Compared to Corbellini et al. [16] our study resulted in lower upgraded CH₄ content of in situ BM. This may be attributed to differences in reactor working volume, as a larger working volume (6 L) was used in the present study compared to 3 L in [16]. Our findings were more comparable to those of [18], who used a 9-L working volume for in situ testing. Furthermore, when a 4:1 H₂:CO₂ ratio was added to UR in our study, AA accumulation (> 4 g L⁻¹) was observed, leading to a decrease in pH, while VFA level observed in [16] was maintained at 2 g L^−1.

To prevent process instability in in situ BM reactor, we propose that the amount of H₂ added to the in situ reactor should be kept at a relatively low H₂:CO₂ ratio (e.g., 2:1). This will minimize the increase in pH caused by bicarbonate removal as well as the possible inhibition of some anaerobic bacteria that are sensitive to high H₂ partial pressure. Our study discovered residual H₂ in the in situ and hybrid BM reactors, indicating that further optimization is required. A pressurized reactor may be a solution. Increased operating pressure enhances the solubility of gases and decreases bubble size. Smaller bubble size is beneficial since it maximizes the contact area between bacteria and gaseous substrates while slowing gas upflow through the reactor [1, 30]. Previous research found that increasing reactor pressure during in situ and ex situ BM resulted in improved conversion efficiency [31, 32]. A very high CH₄ concentration (> 98%) in the biogas was reported when reactor pressure was set between 5 and 15 bars for a 5 m³ ex situ CSTR [33]. Additionally, the design of the ex situ reactor used in our study can be improved, for example, by using a long column design like trickle-bed reactor.

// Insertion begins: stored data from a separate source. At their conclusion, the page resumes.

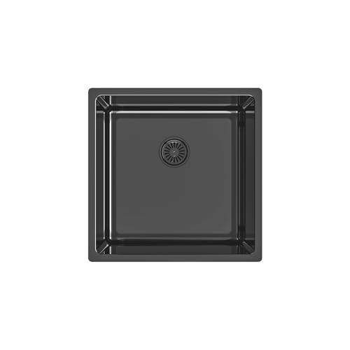 Edesa Évier de cuisine bas plan 1 cuve carrée FUJI BE 45 x 40 cm Acier inoxydable Profondeur 18 cm Fond absorbant Accessoires inclus Couleur noire
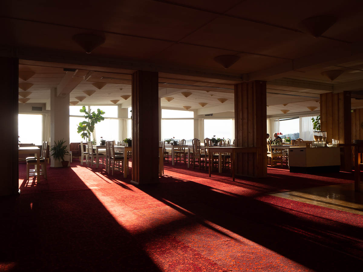 The hotel at Hornsjø was a strange one. Large, nearly empty, mostly unrenovated since the late 1970s by the looks of it, only reachable by a gravel/dirt road – like straight out of the Shining. Bathroom walls covered with nubbly greenish beige wallpaper, broken window latches, frayed carpet edges. We were the only group staying here tonight, and while there were three or four other guests here as well, I think the staff outnumbered us. But the beds were decent and the food was good, and there were no actual murderers in sight.
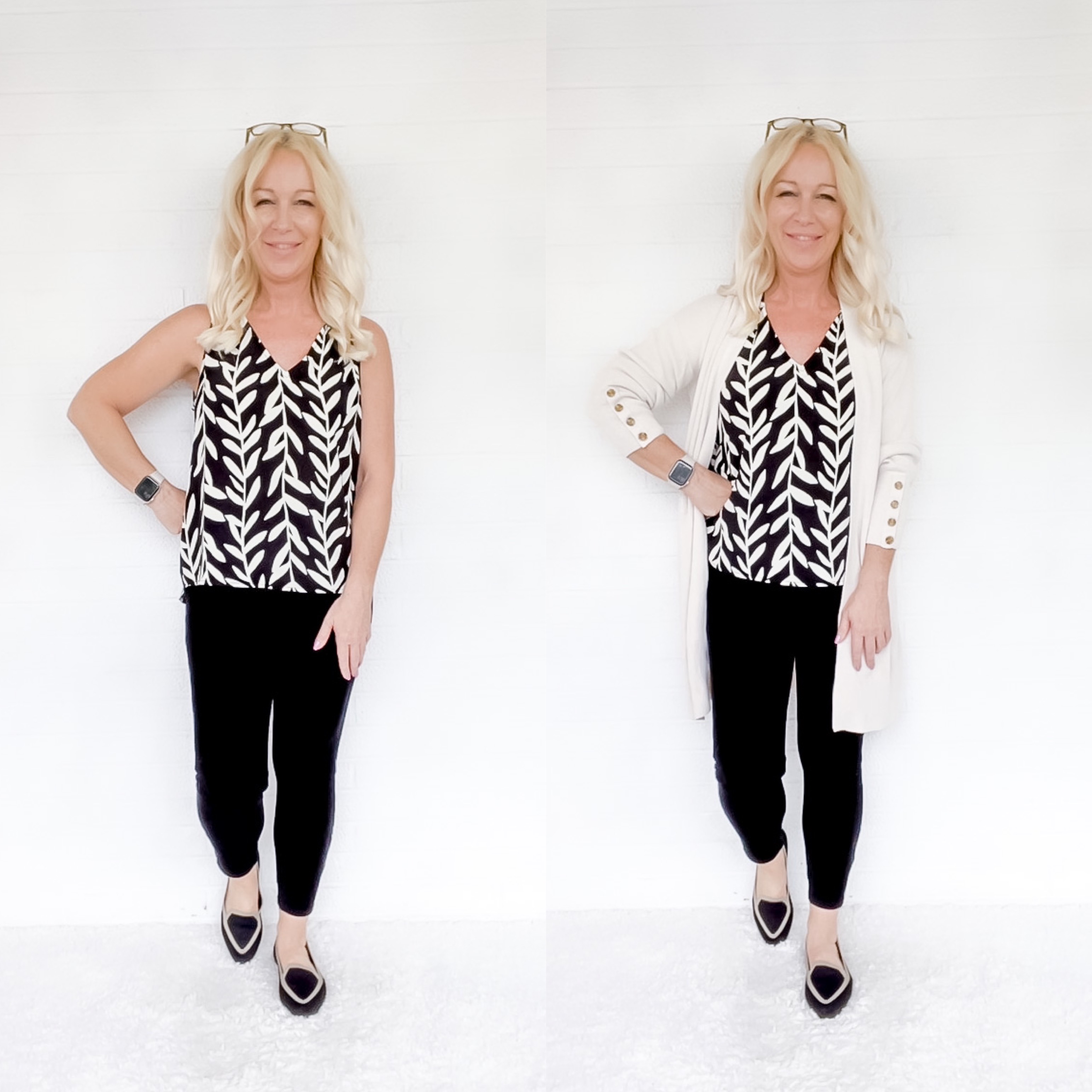 With that in mind, here are some stylish ideas about how to apply layers for the office. My summer office uniform is a sleeveless blouse, a Cardigan or blazer over top, a pair of soft pants, and super comfy loafers. While I tend to work in the sleeveless blouse, I generally keep that Cardigan or a Blazer on the back of my office chair at all times for when the office gets a little chilly. Shop these workwear outfits here.
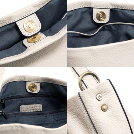 PEGASUS 牛皮拉鍊三層斜背包 - 淺米棕/午夜藍(224-072)
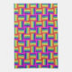 This artwork features colorful rainbow blocks in a fun neon pattern.
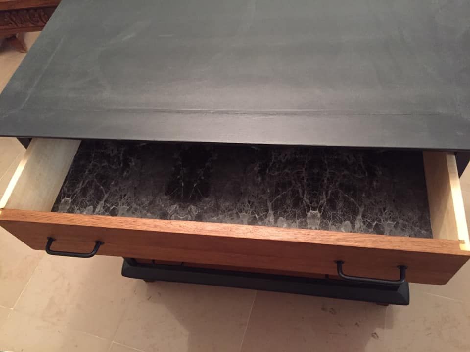Parfait état, bois massif, relookée en gris anthracite à l’extérieur, vernis sur les tiroirs.
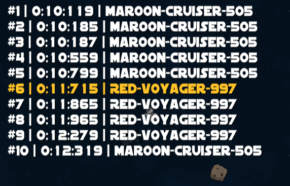 Is it all real people in leaderboards? Hard to believe someone make it in 7 sec when it needed like 4 to reach first satellite. Also starting from place 13 spaceships boosting from the start at doublespeed and i have no idea how.
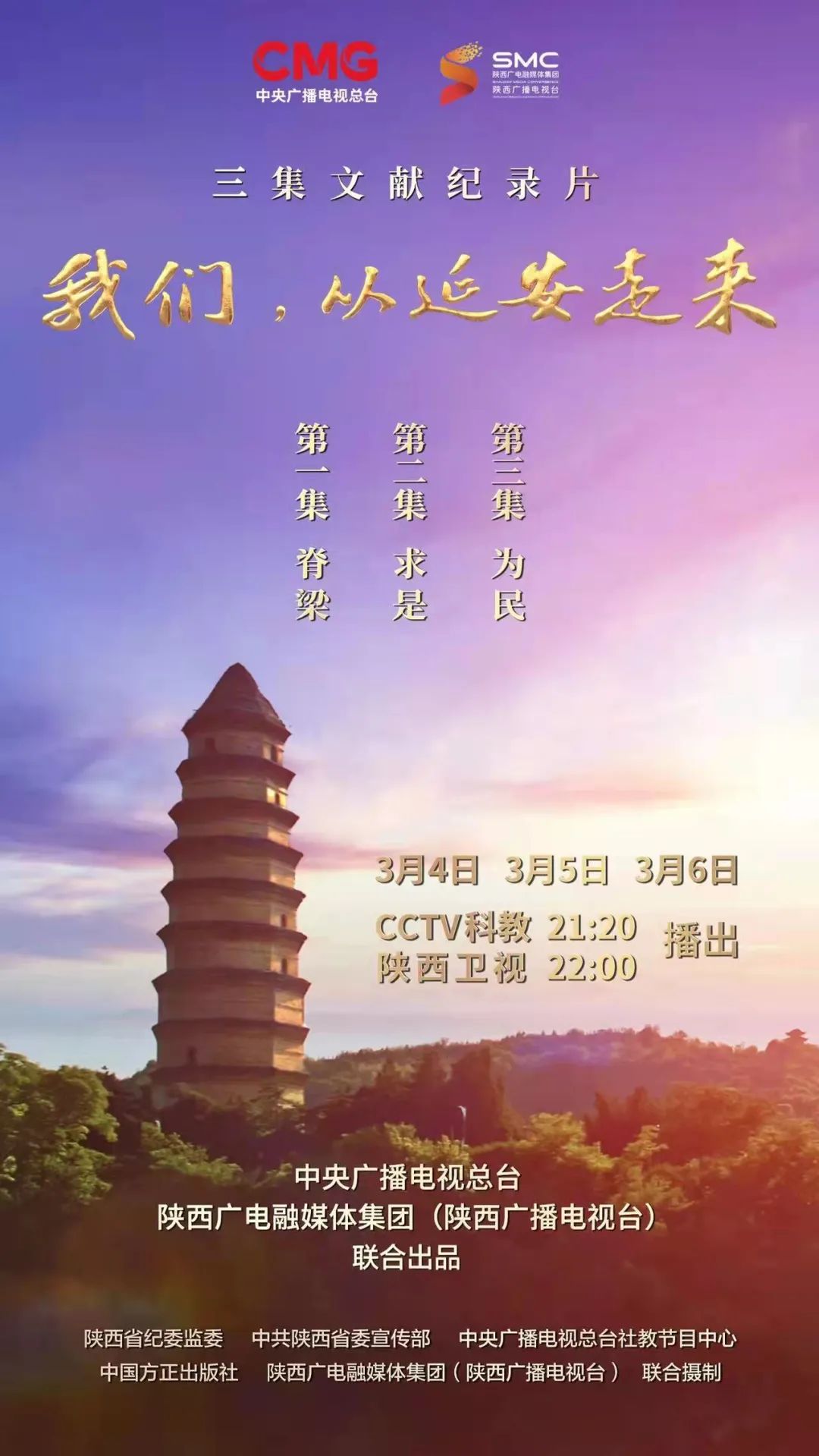 3月4日至3月6日每天21:20,由中央廣播電視總臺與陜西廣電融媒體集團(tuán)聯(lián)合出品的三集文獻(xiàn)紀(jì)錄片《我們,從延安走來》(每集45分鐘),將在中央廣播電視總臺央視科教頻道播出。本片深入貫徹黨的十九屆六中全會精神,以新時代的視角回顧中國共產(chǎn)黨在延安的革命歷史,講述新中國從延安走來的故事,闡釋延安精神,是迎接黨的二十大,解讀中國共產(chǎn)黨人精神譜系的重要影視作品。
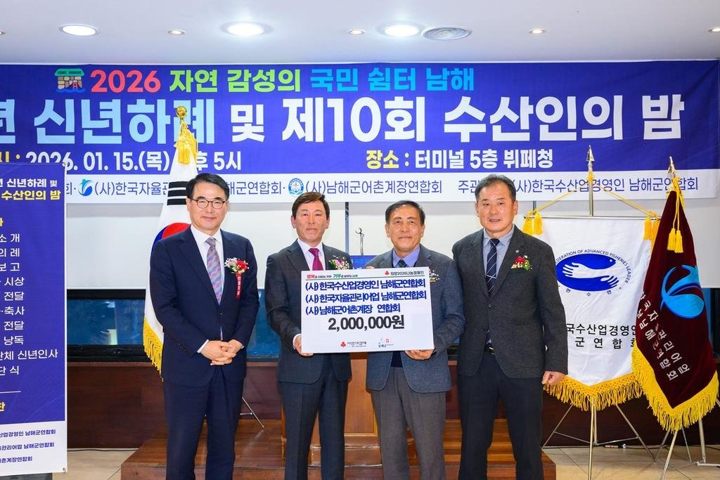 이번 성금은 한국수산업경영인 남해군연합회, 남해군어촌계장연합회, 한국자율관리어업 남해군연합회 등 3개 수산단체가 협력해 마련했다.
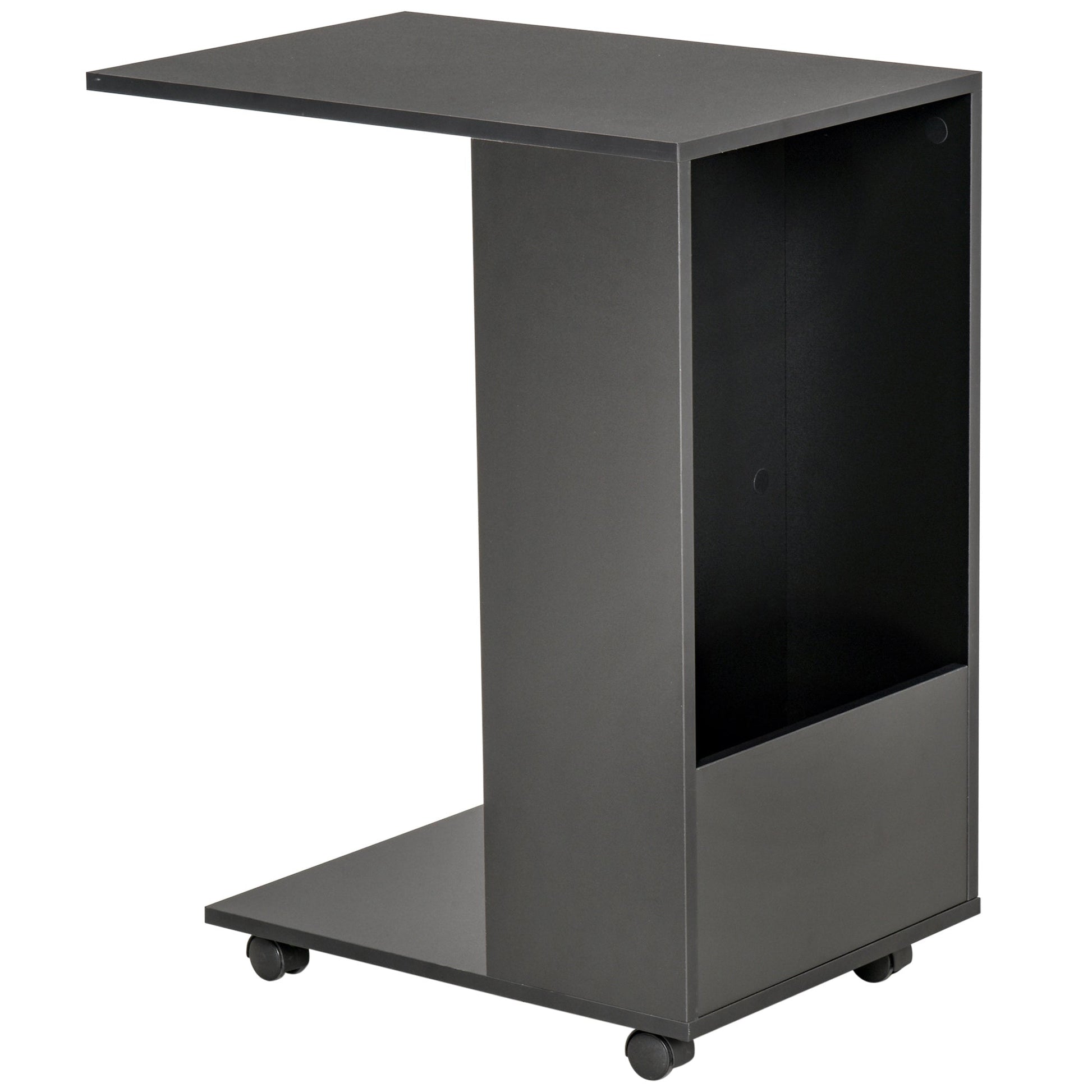HOMCOM Mobile Sofa Side Table C-Shape End Table with Storage and Casters for Laptop Coffee Snack, Black

Microbial community composition

Microbial analysis of the reactor feed (90% CM: 10% CW) showed that Firmicutes and Proteobacteria were the two dominant bacterial phyla, accounting for approximately 50 and 18% of the abundance, respectively (Fig. 5a). Other phyla present in the feed included Actinobacteria (9%) and Bacteroidetes (8%). Analysis of the inoculum microbiology showed that Firmicutes was the dominating phylum (71%), followed by Synergistetes (7%), Actinobacteria, and Euryarchaeota (both phyla accounted 3% abundance) (Fig. 5b). Atribacteria and Thermotogae were also detected in the inoculum, but they were not found in the feed sample.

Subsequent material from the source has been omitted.